Australian scientists worried by new antibiotic resistance found overseas
Australian scientists have reacted with concern to the news that a US woman was found carrying bacteria resistant to an antibiotic called Colistin.
Colistin is only issued as a last resort when other antibiotics do not work.
In an article published in the latest issue of the Antimicrobial Agents and Chemotherapy journal, doctors reported that a woman who experienced a urinary tract infection, from which she later recovered, was infected with a bacteria that was not able to be destroyed by antibiotics.
The doctors discovered E.coli bacteria in the woman containing the Colistin antibiotic resistant mcr-1 genre. The mcr-1 genre was only first found in China in 2015.
In Australia, Professor Michael Gillings, who is a professor of Molecular Evolution in the Department of Biological Sciences at Macquarie University in Sydney, said bacteria has developed resistance because humans are taking antibiotics unnecessarily and through
their use as growth promoters in animals.
“They do so by collecting genes for resistance. The more genes they collect, the more resistant they are,” Professor Gillings said.
“That’s why reports of spreading resistance to the antibiotic of last resort, colistin, are so worrying,” he said.
“Estimates suggest that over 10 million people will be dying of antibiotic resistant infections every year by 2050, and that this death toll will be higher than deaths from cancer,” Professor Gillings stated.
Associate Professor Sanjaya Senanayake from the Australian National University Medical School in Canberra said the clinical history of the women suggests she possibly picked up the resistance from food.
“It is a big deal that it has been found in the United States, especially in a patient who hasn’t apparently been overseas for many months. It suggests that she has picked it up within the US, possibly from a food product, meaning that the colistin mcr-gene is already there,” Professor Senanayake said.
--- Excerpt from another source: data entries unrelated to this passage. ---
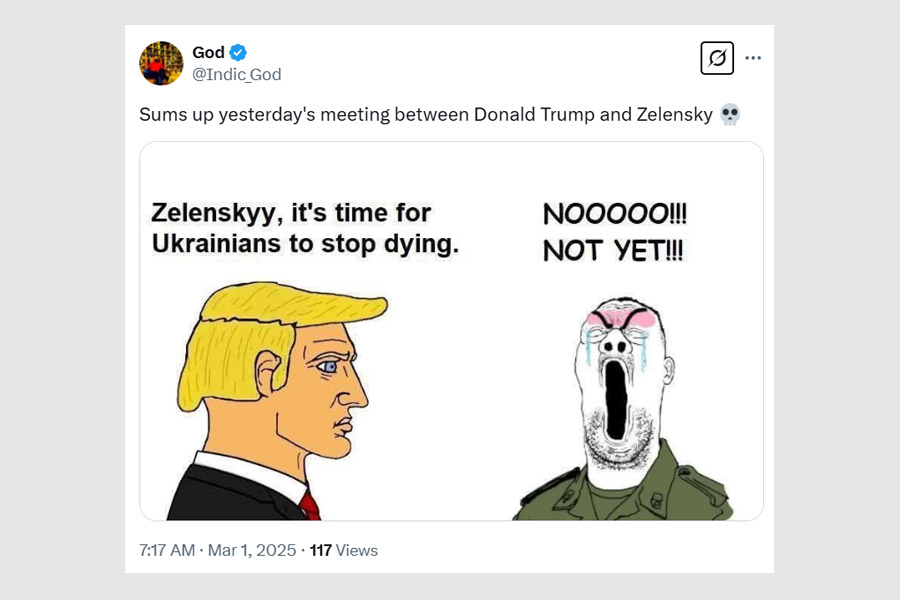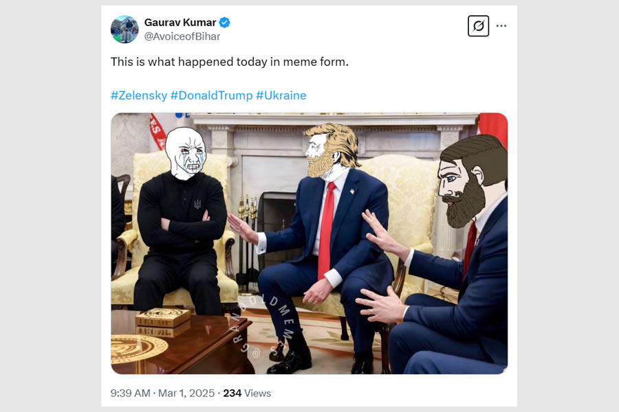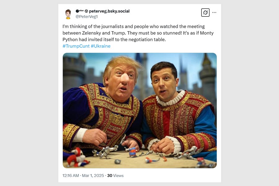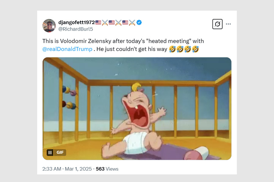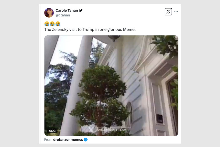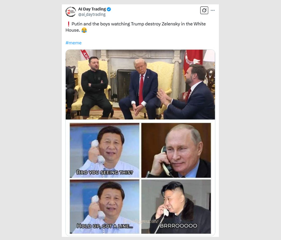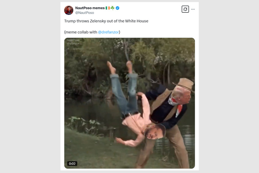 Social media erupted with memes and quips. “Breaking! Vladimir Putin has offered to mediate a peace deal between Trump and Zelensky,” read one forward.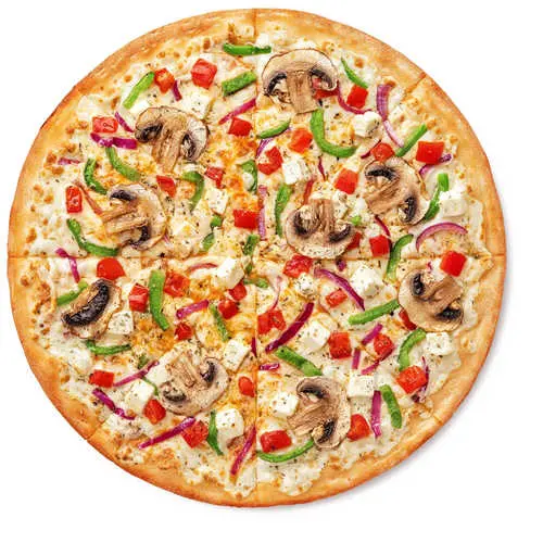Шампиньоны, томаты, сладкий перец, красный лук, кубики брынзы, моцарелла, фирменный томатный соус, итальянские травы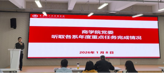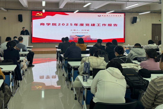 為進(jìn)一步加強(qiáng)基層黨組織建設(shè),激發(fā)全院干事創(chuàng)業(yè)熱情,1月8日,商學(xué)院在學(xué)院401報(bào)告廳開展2026年黨員大會(huì)暨黨支部書記、系主任年度工作匯報(bào)會(huì)。會(huì)議由學(xué)院黨委書記肖學(xué)斌主持,學(xué)院全體教師黨員及部分學(xué)生黨員代表參加會(huì)議。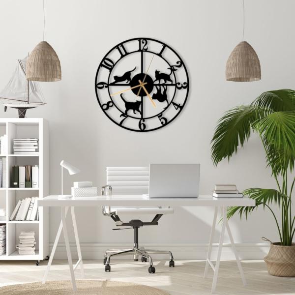 שעון קיר עגול חתולים ממתכת בעיצוב מודרני לסלון, לפינת אוכל, לבית, למטבח או למשרד.

Concern has been growing for many years
Joe Lederman from food law consultancy FoodLegal says concern over antibiotics resistance has been mounting for at least the past decade.
In particular he says that the use of antibiotics for the purpose of enhancing animal growth should have never been permitted
Lederman referred to an article co-written with John Gao which appeared in the August 2007 edition of the FoodLegal Bulletin.
“Government and industry have failed to take up the call to tighten controls over the excessive use and abuse of antibiotics in animal production food chains as well as in the general environment through inappropriate disposal of animal waste and by-product containing antibiotics,” Lederman said.
Lederman also referred to the re-discovery of phages which were used for medical purposes in the pre-antibiotic era and which are making a comeback in medical health and food production.